◆ WORK TO COMPLETE:
Write out the line with "Una invitación festiva" and every later line through the end of the data below, exactly as given, with no pictures in the copy.

◆ DATA PROVIDED:
━━━

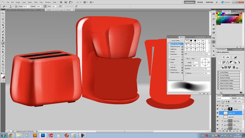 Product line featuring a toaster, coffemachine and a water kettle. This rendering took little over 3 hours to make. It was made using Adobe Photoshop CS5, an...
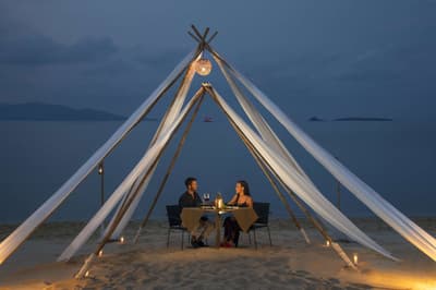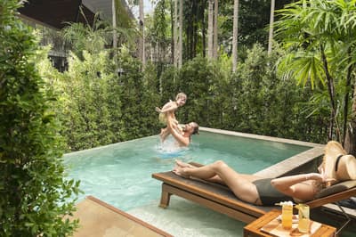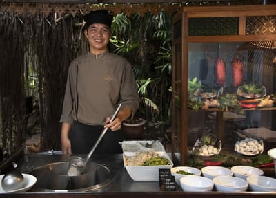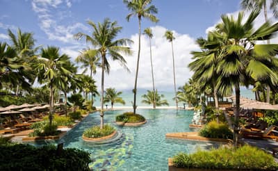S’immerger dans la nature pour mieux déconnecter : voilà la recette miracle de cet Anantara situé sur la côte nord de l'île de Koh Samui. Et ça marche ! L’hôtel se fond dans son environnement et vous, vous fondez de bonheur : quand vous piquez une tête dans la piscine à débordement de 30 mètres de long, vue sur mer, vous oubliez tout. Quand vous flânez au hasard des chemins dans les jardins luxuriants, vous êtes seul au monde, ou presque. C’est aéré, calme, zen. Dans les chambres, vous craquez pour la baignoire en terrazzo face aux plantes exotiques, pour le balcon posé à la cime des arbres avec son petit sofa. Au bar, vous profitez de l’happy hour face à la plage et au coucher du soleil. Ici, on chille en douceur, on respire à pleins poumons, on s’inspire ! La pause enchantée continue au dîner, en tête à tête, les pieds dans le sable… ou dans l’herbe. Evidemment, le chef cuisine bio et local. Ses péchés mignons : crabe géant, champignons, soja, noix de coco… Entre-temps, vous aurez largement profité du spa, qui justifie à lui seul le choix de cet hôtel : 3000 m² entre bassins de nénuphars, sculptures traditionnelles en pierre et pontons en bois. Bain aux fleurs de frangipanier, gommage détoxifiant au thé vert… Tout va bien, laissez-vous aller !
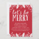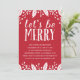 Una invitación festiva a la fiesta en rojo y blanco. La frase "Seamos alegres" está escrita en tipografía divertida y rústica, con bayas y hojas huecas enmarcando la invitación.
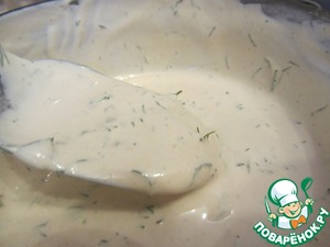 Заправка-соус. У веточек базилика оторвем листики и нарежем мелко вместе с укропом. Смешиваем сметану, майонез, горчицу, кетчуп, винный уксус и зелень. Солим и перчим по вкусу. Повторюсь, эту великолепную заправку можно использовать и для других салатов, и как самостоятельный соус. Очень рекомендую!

━━━

◆ REPLY:
 Una invitación festiva a la fiesta en rojo y blanco. La frase "Seamos alegres" está escrita en tipografía divertida y rústica, con bayas y hojas huecas enmarcando la invitación.
 Заправка-соус. У веточек базилика оторвем листики и нарежем мелко вместе с укропом. Смешиваем сметану, майонез, горчицу, кетчуп, винный уксус и зелень. Солим и перчим по вкусу. Повторюсь, эту великолепную заправку можно использовать и для других салатов, и как самостоятельный соус. Очень рекомендую!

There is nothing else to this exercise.